New Roosevelt Institute Report: Bad Policies, Not Automation, Threaten Future Worker Prosperity

By Alex Tucciarone |

FOR IMMEDIATE RELEASE:
JUNE 12 2018

CONTACT:
Alexander Tucciarone, atucciarone@rooseveltinstitute.org, 516-2673-9775

 

NEW ROOSEVELT INSTITUTE REPORT: BAD POLICIES, NOT AUTOMATION, THREATEN FUTURE WORKER PROSPERITY

Leading Economic Think Tank Explains How Mass Joblessness Is Not Imminent, Outlines Policies to Ensure Automation Benefits Workers

 

NEW YORK, NY – Amid mounting public anxiety about the specter of mass joblessness due to technological change, the Roosevelt Institute today released Don’t Fear the Robots: Why Automation Doesn’t Mean the End of Work. The report, released in partnership with Duke University’s Samuel DuBois Cook Center on Social Equity, argues that the current debate over economic dislocation caused by technology overlooks the most important point: Underlying structural problems with the rules of our economy are largely responsible for the potential negative consequences of technological changes, not the changes themselves.

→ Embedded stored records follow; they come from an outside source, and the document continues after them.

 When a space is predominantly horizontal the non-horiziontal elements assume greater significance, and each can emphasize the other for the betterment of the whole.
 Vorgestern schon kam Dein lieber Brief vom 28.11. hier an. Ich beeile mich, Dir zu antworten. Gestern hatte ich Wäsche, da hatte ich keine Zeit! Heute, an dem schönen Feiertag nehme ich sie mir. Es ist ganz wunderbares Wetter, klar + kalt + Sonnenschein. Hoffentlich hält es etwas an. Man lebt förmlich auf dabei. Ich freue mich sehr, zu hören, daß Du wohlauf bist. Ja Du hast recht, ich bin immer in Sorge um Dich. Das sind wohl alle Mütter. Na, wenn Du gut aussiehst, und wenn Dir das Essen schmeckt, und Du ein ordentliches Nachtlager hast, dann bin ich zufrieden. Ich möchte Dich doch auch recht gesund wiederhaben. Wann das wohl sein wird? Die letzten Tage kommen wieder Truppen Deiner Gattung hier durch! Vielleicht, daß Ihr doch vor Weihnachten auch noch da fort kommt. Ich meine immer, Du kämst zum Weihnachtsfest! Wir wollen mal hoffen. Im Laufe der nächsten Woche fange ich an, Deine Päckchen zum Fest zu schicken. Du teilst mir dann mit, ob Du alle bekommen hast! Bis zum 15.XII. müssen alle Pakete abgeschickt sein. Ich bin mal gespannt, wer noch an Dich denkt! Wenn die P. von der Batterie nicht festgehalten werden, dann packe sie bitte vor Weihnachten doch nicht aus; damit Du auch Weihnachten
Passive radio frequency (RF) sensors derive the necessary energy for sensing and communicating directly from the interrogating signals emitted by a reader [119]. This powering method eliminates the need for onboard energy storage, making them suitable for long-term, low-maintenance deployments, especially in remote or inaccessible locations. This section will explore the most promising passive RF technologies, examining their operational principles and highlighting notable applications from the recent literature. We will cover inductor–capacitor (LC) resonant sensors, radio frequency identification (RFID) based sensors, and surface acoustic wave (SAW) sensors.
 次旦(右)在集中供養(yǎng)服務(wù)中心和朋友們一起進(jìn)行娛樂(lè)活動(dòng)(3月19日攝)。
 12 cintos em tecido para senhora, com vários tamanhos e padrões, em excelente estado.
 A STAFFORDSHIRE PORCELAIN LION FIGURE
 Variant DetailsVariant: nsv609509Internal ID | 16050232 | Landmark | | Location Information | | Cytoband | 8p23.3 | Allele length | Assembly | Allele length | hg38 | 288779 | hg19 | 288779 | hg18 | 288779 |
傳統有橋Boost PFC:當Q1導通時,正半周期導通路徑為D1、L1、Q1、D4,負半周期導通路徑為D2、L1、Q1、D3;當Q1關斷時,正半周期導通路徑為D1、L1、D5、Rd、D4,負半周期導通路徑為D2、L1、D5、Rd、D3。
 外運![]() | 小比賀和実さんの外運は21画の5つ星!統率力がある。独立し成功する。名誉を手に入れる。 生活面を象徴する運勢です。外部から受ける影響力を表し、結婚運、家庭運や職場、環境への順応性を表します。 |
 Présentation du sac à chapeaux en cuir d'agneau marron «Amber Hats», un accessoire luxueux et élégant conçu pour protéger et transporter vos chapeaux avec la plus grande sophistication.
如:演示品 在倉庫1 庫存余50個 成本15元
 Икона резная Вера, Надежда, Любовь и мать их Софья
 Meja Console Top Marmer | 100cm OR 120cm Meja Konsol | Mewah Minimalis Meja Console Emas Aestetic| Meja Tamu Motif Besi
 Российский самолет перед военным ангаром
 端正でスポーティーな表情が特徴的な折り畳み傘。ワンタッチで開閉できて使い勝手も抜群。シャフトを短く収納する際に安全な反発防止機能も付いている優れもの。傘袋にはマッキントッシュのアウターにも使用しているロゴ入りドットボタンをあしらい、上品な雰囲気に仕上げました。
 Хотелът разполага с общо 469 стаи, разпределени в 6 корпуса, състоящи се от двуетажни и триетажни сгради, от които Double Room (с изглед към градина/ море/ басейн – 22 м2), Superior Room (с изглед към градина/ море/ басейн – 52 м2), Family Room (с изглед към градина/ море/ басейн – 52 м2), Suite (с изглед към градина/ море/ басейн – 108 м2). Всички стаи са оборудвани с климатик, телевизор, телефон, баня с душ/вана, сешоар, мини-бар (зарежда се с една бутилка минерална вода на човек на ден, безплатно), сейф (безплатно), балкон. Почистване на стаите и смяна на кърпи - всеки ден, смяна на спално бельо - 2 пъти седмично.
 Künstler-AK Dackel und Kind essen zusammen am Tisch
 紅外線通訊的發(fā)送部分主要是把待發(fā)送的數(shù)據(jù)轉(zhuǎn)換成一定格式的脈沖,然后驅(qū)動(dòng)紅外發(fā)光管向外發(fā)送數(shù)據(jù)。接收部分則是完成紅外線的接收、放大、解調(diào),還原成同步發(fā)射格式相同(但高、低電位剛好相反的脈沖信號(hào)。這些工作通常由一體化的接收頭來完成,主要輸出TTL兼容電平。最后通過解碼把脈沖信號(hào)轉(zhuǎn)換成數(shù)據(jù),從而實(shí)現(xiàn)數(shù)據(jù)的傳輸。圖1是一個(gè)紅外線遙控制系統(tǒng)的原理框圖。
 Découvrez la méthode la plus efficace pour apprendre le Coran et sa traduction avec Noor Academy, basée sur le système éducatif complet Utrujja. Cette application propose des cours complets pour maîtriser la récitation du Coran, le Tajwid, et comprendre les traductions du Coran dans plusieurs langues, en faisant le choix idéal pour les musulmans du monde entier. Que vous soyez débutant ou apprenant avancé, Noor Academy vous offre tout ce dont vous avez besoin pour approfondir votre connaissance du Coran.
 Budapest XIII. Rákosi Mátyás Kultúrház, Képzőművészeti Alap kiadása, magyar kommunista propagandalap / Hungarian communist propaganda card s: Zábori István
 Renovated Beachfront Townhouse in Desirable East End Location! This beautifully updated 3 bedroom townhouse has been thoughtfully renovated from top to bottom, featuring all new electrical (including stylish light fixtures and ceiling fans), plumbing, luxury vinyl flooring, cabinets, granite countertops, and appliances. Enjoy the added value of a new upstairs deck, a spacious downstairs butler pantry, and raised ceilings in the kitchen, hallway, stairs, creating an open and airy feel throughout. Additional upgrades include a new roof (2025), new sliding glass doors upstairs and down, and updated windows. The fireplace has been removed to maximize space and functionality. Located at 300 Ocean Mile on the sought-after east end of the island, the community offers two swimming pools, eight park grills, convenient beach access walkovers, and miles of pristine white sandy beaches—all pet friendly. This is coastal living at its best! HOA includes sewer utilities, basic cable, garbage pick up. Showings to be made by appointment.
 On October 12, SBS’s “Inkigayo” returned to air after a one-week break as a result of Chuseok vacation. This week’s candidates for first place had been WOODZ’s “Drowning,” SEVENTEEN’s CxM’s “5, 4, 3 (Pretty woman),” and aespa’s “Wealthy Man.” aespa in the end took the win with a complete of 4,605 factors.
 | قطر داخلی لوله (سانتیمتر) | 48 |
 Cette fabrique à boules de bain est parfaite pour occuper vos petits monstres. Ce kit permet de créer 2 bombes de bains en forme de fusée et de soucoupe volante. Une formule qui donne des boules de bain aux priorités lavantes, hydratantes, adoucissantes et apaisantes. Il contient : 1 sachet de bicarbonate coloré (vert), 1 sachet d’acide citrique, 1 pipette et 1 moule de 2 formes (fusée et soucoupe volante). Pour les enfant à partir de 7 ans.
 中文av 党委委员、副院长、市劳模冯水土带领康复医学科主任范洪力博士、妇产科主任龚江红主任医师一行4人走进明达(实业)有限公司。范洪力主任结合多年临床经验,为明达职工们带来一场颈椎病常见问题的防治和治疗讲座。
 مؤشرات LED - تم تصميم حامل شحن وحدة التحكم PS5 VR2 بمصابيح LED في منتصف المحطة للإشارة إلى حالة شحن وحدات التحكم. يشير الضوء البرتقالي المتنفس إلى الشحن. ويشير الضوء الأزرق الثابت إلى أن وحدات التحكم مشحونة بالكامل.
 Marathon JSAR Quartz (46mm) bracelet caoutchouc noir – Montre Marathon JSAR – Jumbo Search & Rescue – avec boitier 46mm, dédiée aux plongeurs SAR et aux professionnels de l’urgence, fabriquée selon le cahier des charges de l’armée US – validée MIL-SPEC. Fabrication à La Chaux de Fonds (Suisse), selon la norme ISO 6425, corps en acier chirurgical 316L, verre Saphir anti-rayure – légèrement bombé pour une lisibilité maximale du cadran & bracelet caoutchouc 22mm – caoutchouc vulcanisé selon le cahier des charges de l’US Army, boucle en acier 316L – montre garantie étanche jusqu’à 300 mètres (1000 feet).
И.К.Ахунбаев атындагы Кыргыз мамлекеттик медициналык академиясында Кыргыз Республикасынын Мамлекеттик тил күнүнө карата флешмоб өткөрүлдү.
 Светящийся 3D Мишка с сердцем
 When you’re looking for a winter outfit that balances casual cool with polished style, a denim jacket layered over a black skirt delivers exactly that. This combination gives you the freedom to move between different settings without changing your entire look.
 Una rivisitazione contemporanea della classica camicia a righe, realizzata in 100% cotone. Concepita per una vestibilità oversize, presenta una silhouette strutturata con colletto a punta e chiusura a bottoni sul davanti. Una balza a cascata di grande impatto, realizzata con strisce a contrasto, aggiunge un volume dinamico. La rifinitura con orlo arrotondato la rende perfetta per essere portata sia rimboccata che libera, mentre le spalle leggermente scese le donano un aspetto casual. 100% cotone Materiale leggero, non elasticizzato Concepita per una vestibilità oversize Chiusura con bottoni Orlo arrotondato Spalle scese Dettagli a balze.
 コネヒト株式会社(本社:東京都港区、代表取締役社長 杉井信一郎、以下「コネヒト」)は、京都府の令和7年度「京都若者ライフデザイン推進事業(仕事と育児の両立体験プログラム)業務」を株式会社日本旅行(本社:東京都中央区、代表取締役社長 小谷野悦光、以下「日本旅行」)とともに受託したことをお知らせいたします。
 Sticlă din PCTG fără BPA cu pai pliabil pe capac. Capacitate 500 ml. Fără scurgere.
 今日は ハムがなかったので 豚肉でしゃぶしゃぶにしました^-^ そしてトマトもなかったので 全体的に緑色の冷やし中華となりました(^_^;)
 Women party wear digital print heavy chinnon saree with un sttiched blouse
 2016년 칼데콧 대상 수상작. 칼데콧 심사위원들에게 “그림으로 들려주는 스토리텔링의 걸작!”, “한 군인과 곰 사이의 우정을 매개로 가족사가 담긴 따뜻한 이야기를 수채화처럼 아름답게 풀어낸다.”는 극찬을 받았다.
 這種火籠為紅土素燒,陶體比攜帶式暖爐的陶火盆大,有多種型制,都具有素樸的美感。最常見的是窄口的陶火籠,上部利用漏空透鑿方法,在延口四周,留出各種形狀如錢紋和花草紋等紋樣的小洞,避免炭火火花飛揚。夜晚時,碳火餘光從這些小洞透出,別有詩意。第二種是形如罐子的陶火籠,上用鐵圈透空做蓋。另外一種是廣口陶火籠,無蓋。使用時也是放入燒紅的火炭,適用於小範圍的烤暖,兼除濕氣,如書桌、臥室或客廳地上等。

While the report puts into context the threat posed by mass automation, it does not ignore the ways that changes in the economy are already diminishing the economic prospects of working people. In particular, it explores how the link between rising productivity and wage growth, which defined the U.S. economy for most of the 20th century, is now broken. To repair this rupture, the report outlines several policy solutions, including the federal government recommitting to the pursuit of full employment; revising intellectual property laws to make sure the economic benefits from innovation are more broadly shared; and increased funding to develop technologies that complement workers rather than replaces them.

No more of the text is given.